**What to produce:**
Everything from the line holding "DANSER Octobre 2019" through the final line of the entries below is to be written out exactly, and nothing more; leave out pictures.

-----

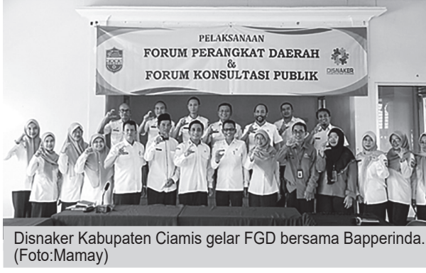
Disnaker Kabupaten Ciamis gelar FGD bersama Bapperinda.
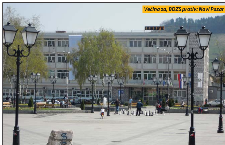
Većina za, BDZS protiv: Novi Pazar
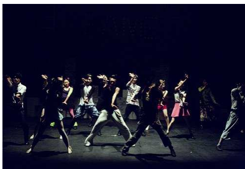
DANSER Octobre 2019
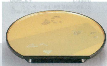
半月高台皿 金箔オトシ 5-501-15 5.5寸 ¥2,000 165×137×36 3-905-11 (51132740) 5-501-16 6.0寸 ¥2,200 184×158×38 3-905-12 (51132718) 5-501-17 7.0寸 ¥2,400 202×177×38 3-905-13 (51132750) 5-501-18 8.0寸 ¥2,900 242×213×44 3-905-14 (51132760)
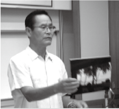
高島会員よりアラモアナ RC 訪問報告
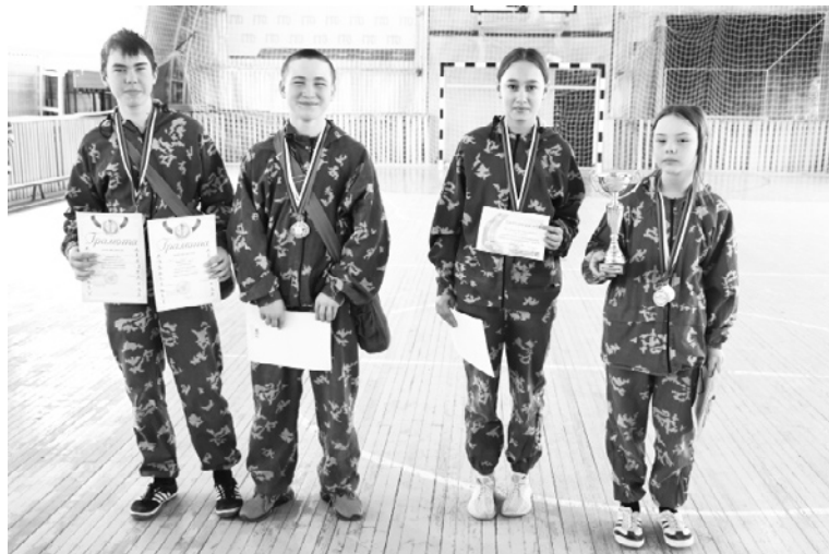
|| Команда верхнебешкильской школы.

товцев, бархатовцев и слободабешкильцев. По тестированию ОБЖ блеснули знаниями коммунаровцы, рассветовцы и шороховцы. В челночном беге хорошо себя показали коммунаровская, вторая райцентровская и слободабешкильская школы. По силовой гимнастике в командном зачете победили коммунаровцы, слобо-
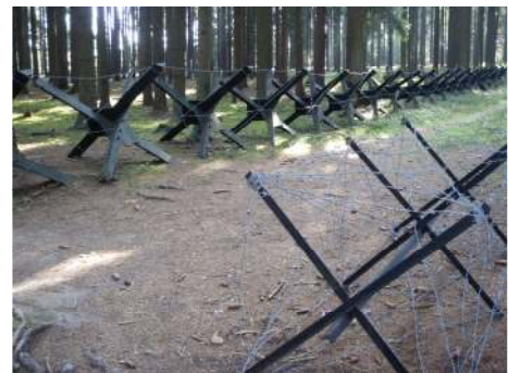
A vasfüggöny emléke

Az ebédet követő rövid szieszta után floorballozni mentünk, ahol a Euro Teens csapatai és a helyiek megküzdöttek egymással. Ezek után lezuhanyoztunk, és igyekeztünk vacsorázni. A vacsora után elmentünk tekézni, ahol 3 diák- és egy tanárcsapat küzdött a győzelemért. A győztes csapat a tanároké volt. Mi a második helyezést értük el. A játék után elmentünk a szállásunkra, és egy jót aludtunk ez után a kimerítő nap után.
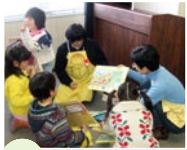
どれをかりていこうかなあ

子どもたちが楽しみにしていた「新潟ひょうしぎの会」の紙芝居、とても良かったです。またぜひ来てほしいです。たくさんさんの紙芝居を紹介してもらいありがとうございます。借りて帰ろうと思います。
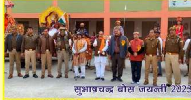
सुभाषचन्द्र बोस जयन्ती 2023
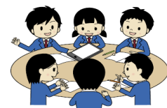
安心して学べる「学びに向かう学習集団」
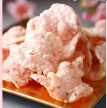
11 【阿蘇たかな漬物 菊屋】 阿蘇たかな新漬 540円(300g) 3月下旬~4月中旬限定 採れたての阿蘇たかなを塩と鷹の爪だけで味わう春限定の逸品です。
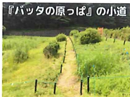
『バッタの原っぱ』の小道
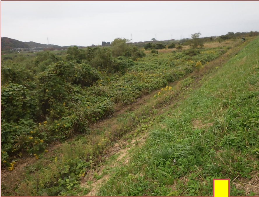
藪刈り実施前 (村上市小岩内付近)
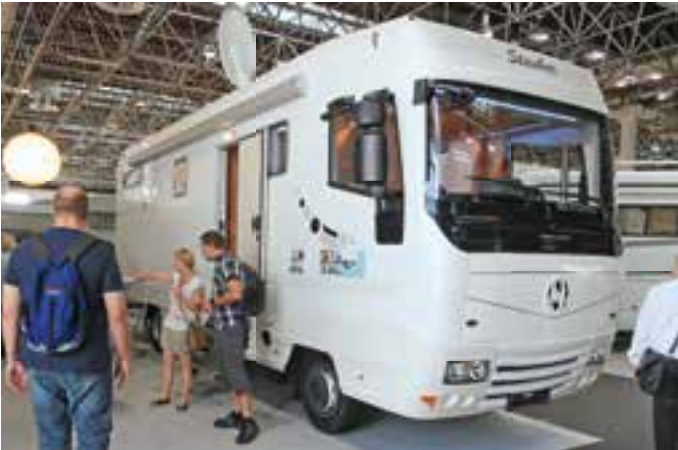
UNIKAT. Wer mit einem Stauber Actross-Liner vorfährt, dem ist Aufmerksamkeit gewiss. Das Mobil wird in unterschiedlichen Breiten angeboten. Der Basispreis liegt bei 159.900 Euro.

-----

**Task answer:**
DANSER Octobre 2019
半月高台皿 金箔オトシ 5-501-15 5.5寸 ¥2,000 165×137×36 3-905-11 (51132740) 5-501-16 6.0寸 ¥2,200 184×158×38 3-905-12 (51132718) 5-501-17 7.0寸 ¥2,400 202×177×38 3-905-13 (51132750) 5-501-18 8.0寸 ¥2,900 242×213×44 3-905-14 (51132760)
高島会員よりアラモアナ RC 訪問報告
|| Команда верхнебешкильской школы.

товцев, бархатовцев и слободабешкильцев. По тестированию ОБЖ блеснули знаниями коммунаровцы, рассветовцы и шороховцы. В челночном беге хорошо себя показали коммунаровская, вторая райцентровская и слободабешкильская школы. По силовой гимнастике в командном зачете победили коммунаровцы, слобо-
A vasfüggöny emléke

Az ebédet követő rövid szieszta után floorballozni mentünk, ahol a Euro Teens csapatai és a helyiek megküzdöttek egymással. Ezek után lezuhanyoztunk, és igyekeztünk vacsorázni. A vacsora után elmentünk tekézni, ahol 3 diák- és egy tanárcsapat küzdött a győzelemért. A győztes csapat a tanároké volt. Mi a második helyezést értük el. A játék után elmentünk a szállásunkra, és egy jót aludtunk ez után a kimerítő nap után.
どれをかりていこうかなあ

子どもたちが楽しみにしていた「新潟ひょうしぎの会」の紙芝居、とても良かったです。またぜひ来てほしいです。たくさんさんの紙芝居を紹介してもらいありがとうございます。借りて帰ろうと思います。
सुभाषचन्द्र बोस जयन्ती 2023
安心して学べる「学びに向かう学習集団」
11 【阿蘇たかな漬物 菊屋】 阿蘇たかな新漬 540円(300g) 3月下旬~4月中旬限定 採れたての阿蘇たかなを塩と鷹の爪だけで味わう春限定の逸品です。
『バッタの原っぱ』の小道
藪刈り実施前 (村上市小岩内付近)
UNIKAT. Wer mit einem Stauber Actross-Liner vorfährt, dem ist Aufmerksamkeit gewiss. Das Mobil wird in unterschiedlichen Breiten angeboten. Der Basispreis liegt bei 159.900 Euro.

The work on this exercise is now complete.